Total orders
Track the total number of orders placed across your applications.
Track the Order placed event to feed data into this widget.
This chart displays the total number of orders placed within the selected period.
It helps you monitor overall purchase volume and identify how user behavior evolves over time, regardless of whether experiences or experiments impacted users.
By analyzing total orders, you can assess the general health of your website performance, spot trends, and detect periods of growth or decline. This makes it easier to evaluate the effect of campaigns, seasonality, and site-wide optimizations.
Metrics

The chart includes:
- Total orders
The number of orders placed by your users. - Orders over time
A trend chart showing whether the number of orders is going up or down.
Interpretation
This chart helps you understand how your website's overall order volume changes over time. For example, after launching a new promotion or optimizing your checkout flow, you can track whether total orders increased. Conversely, if orders declined following a redesign or content update, it could indicate an unintended impact on user behavior.
What the number tells you
Here are some common insights you can get from this widget:
- An upward trend in total orders after launching a new campaign, promotion, personalization, or experimentation strategy, such as a rise from 1,000 to 1,300 orders per day, suggests that your recent marketing efforts are driving more purchases. Analyze which specific initiatives contributed to this growth to replicate their success.

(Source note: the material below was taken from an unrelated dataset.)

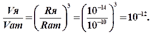 Отсюда следует, что если ∆Х Ядро имеет размытые очертания, что делает невозможным непосредственное точное определение линейного размера. Поэтому, чтобы получить данные о ядерных радиусах, используют косвенные приближенные методы, основанные на изучении рассеивания различных частиц ядрами вещества. Различные методы дают разные результаты. Но порядок величин при этом сохраняется и составляет 10–15 – 10–14м. Величина 10–15м = 1Ф (Ферми). При определении линейных размеров атомов дуализм электронов не учитывается, и в качестве атомного радиуса принимается половина длины химической связи, которую атом образовывает в соединении. Поэтому для каждого атома определено столько радиусов, сколько типов связи он может образовывать (ионный, ковалентный, металлический). Также методами квантовой химии по максимальной плотности электронного облака рассчитывается так называемый теоретический радиус изолированного атома. Все они отличаются друг от друга, но имеют одинаковый порядок 10–11 – 10–10м. Чтобы оценить относительную вероятность ядерных столкновений по сравнению с электронными столкновениями при прохождении потока заряженных частиц через вещество, найдем, какую часть объема занимает ядро в атоме. Для упрощения считаем, что они имеют форму шара:

- Stable order volume, for example, consistently around 1,000 orders per day despite an increase in sessions, may indicate that while your website is attracting more visitors, conversion rates are not improving. Consider reviewing the checkout experience, product visibility, or marketing strategies to identify opportunities for improvement.
- A decline in total orders, such as a drop from 1,000 to 800 per day following a design update, campaign change, or technical adjustment, could signal that recent modifications negatively affected user purchase behavior. Investigate possible friction points, such as usability issues, messaging clarity, or disruptions in the purchase flow.
- A drop in orders compared to the previous period may also be influenced by external or seasonal factors. For example, a lower number of orders might align with post-holiday slowdowns or the end of paid campaign cycles. Reviewing your marketing calendar and past performance trends can help you confirm whether the decline is expected or signals a deeper issue.
- On the other hand, an increase in total orders compared to the previous period could be a positive indicator of growth. Use this opportunity to identify what worked well, such as campaign timing, creative messaging, or pricing strategy, and determine how these elements can be scaled or applied to future initiatives.